╭─ ENTRIES PROVIDED

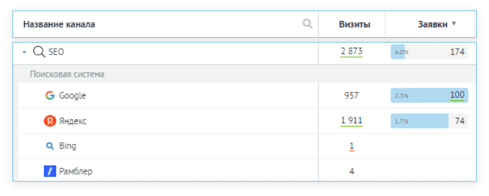 Мы задействовали сквозную аналитику Roistat. В результате мы можем видеть количество заявок по каждой поисковой системе.
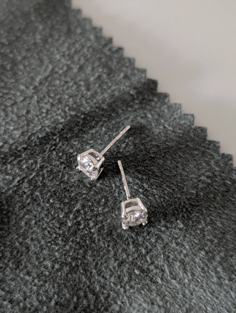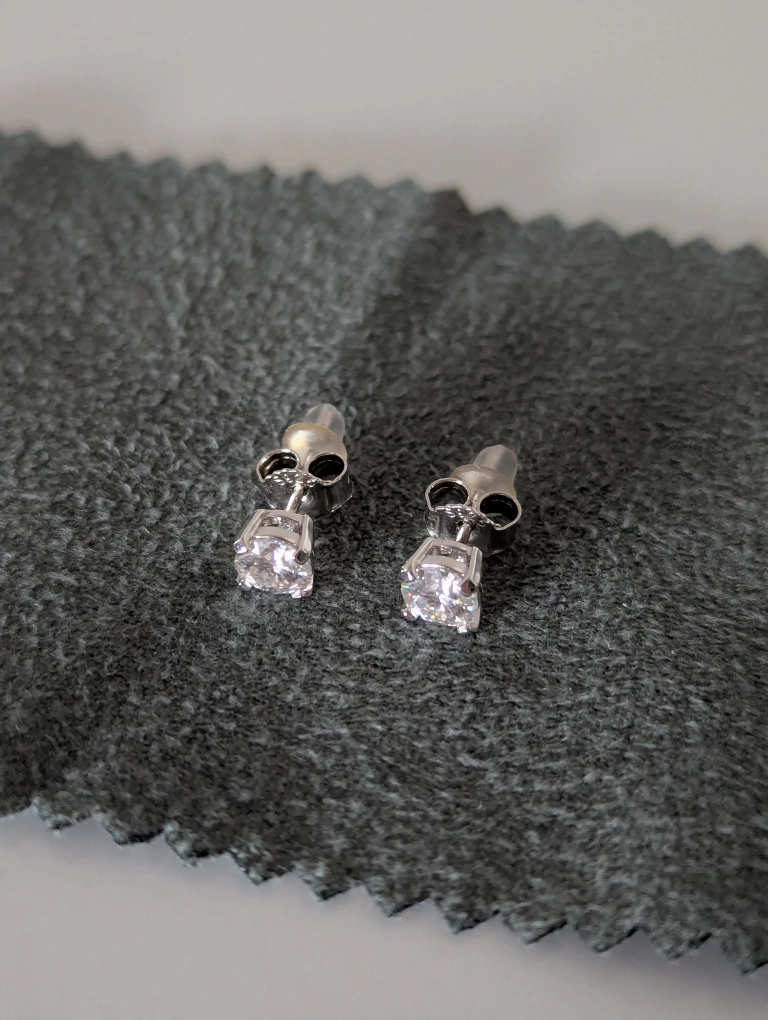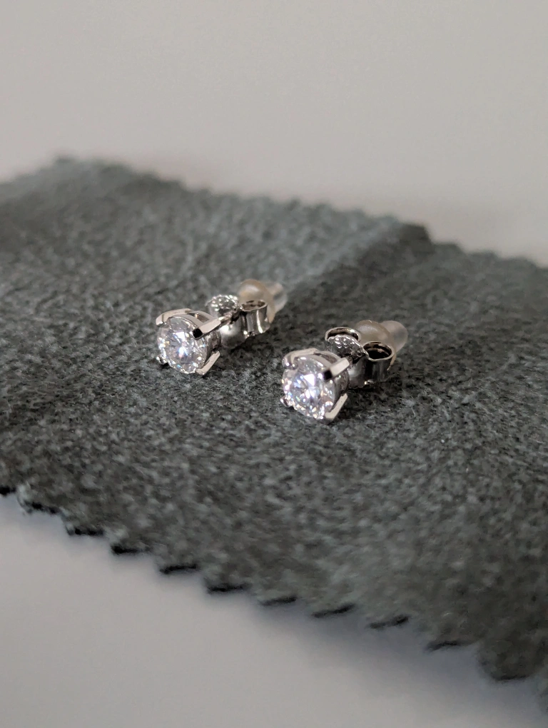 Elegant Moissanite stud earrings with 0.5 CT stones set in 925 silver and plated with 14K white gold. Gently Worn and in excellent condition. Sparkling, durable, and perfect for both everyday wear and special occasions.
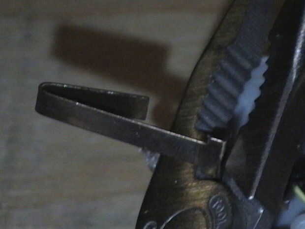 a continuación tienes que poner en el foco de luz. Pero antes de hacerlo, necesitará recortar la punta de cobre restante, para que el cilindro negro puede caber en su lugar. Asegúrese de dejar la screwhole en la punta, por lo que se puede atornillar en su lugar.
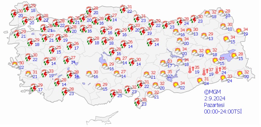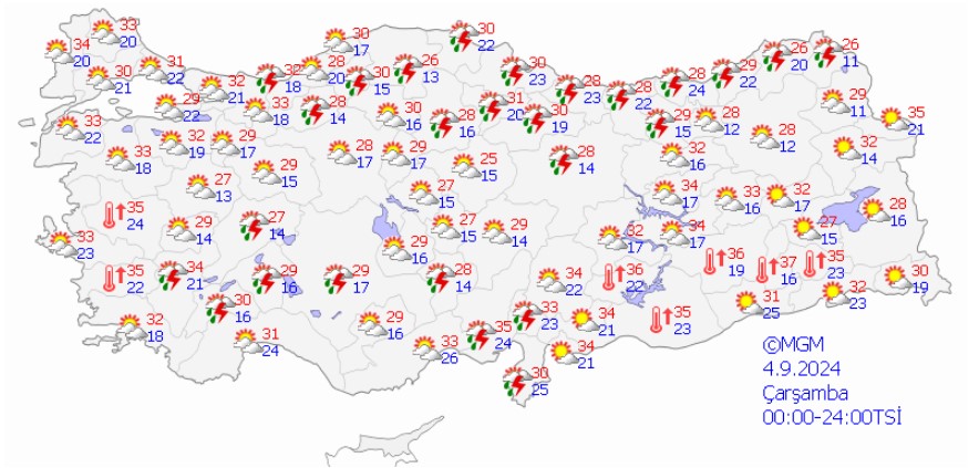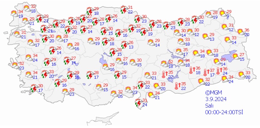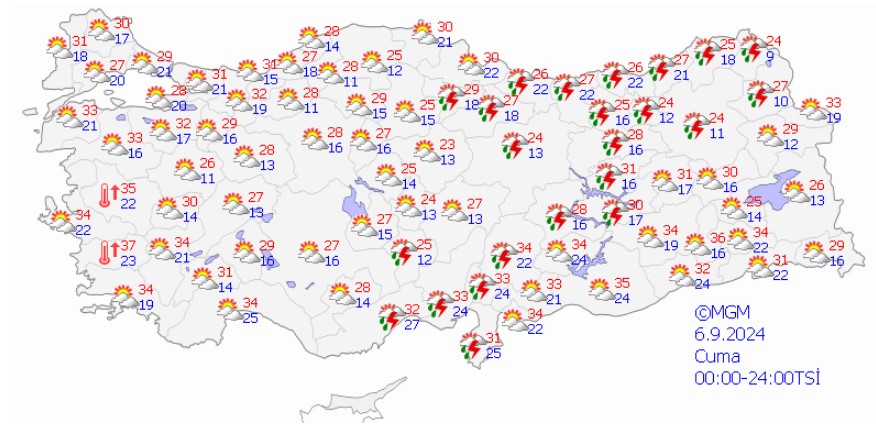 Meteoroloji Genel Müdürlüğü tarafından yapılan son tahminlere göre: Ülkemizin kuzey, iç ve batı kesimlerinin parçalı yer yer çok bulutlu, Marmara, İç Ege, Akdeniz, İç Anadolu'nun kuzeyi, Batı ve Orta Karadeniz ile Doğu Karadeniz kıyılarının yerel sağanak ve gök gürültülü sağanak yağışlı, diğer yerlerin az bulutlu ve açık geçeceği tahmin ediliyor.
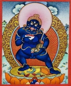 黑财神藏名“藏拉那波”,乃是东方佛里的金刚不动佛。藏传佛教财神之一。由古印度财神(梵名库别拉)演化而来,藏语称“赞布绿那布”,为了利益娑婆众生解脱穷困之苦而化现,在密宗认为,黑财神是五姓财神中施财立即见效的财神,甚至称他为财神王。
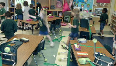 Then he created mischief around the room!!! Check out the distruction! It included: bookbags off of their hooks, pencil boxes mixed up, disorganized calendar and days of the week, footprints around the classroom, the toilet water dyed green, dumped out blocks, clovers all over the floor, streamers abound, and all the traps that the children set to catch him.....tripped but did not catch that silly booger!!! Can you believe it? :) He was'nt all bad though. He left them some magic leprechaun juice mix and some elfin cookies ;) I'll get that sucker next year by golly!
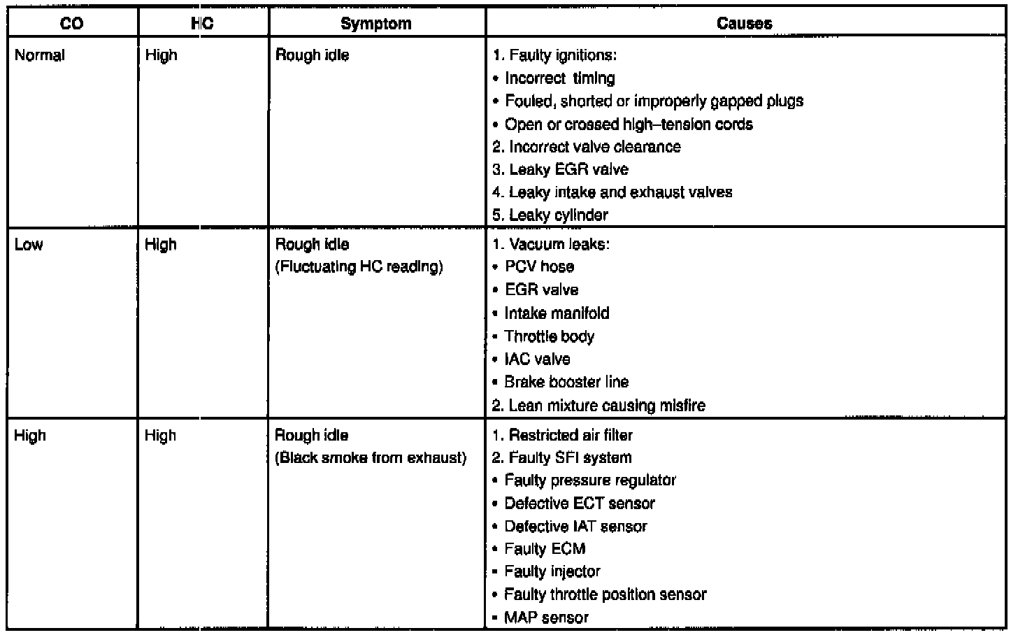 If the CO/HC concentration does not comply with regulations, troubleshoot in the order given.
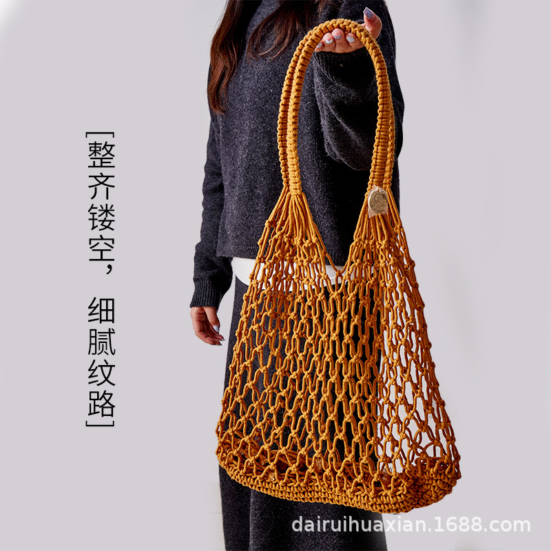 手作り編みバッグ草編み袋透かし彫りメッシュ綿ロープショッピング休暇トートバッグ釣りネットバッグビーチ女性バッグ

╰─

**WHAT IS EXPECTED:** Every line from the start of the material through the line holding "Elegant Moissanite stud" must be returned exactly, and the pictures must not.

**RESULT BELOW:**
 Мы задействовали сквозную аналитику Roistat. В результате мы можем видеть количество заявок по каждой поисковой системе.
 Elegant Moissanite stud earrings with 0.5 CT stones set in 925 silver and plated with 14K white gold. Gently Worn and in excellent condition. Sparkling, durable, and perfect for both everyday wear and special occasions.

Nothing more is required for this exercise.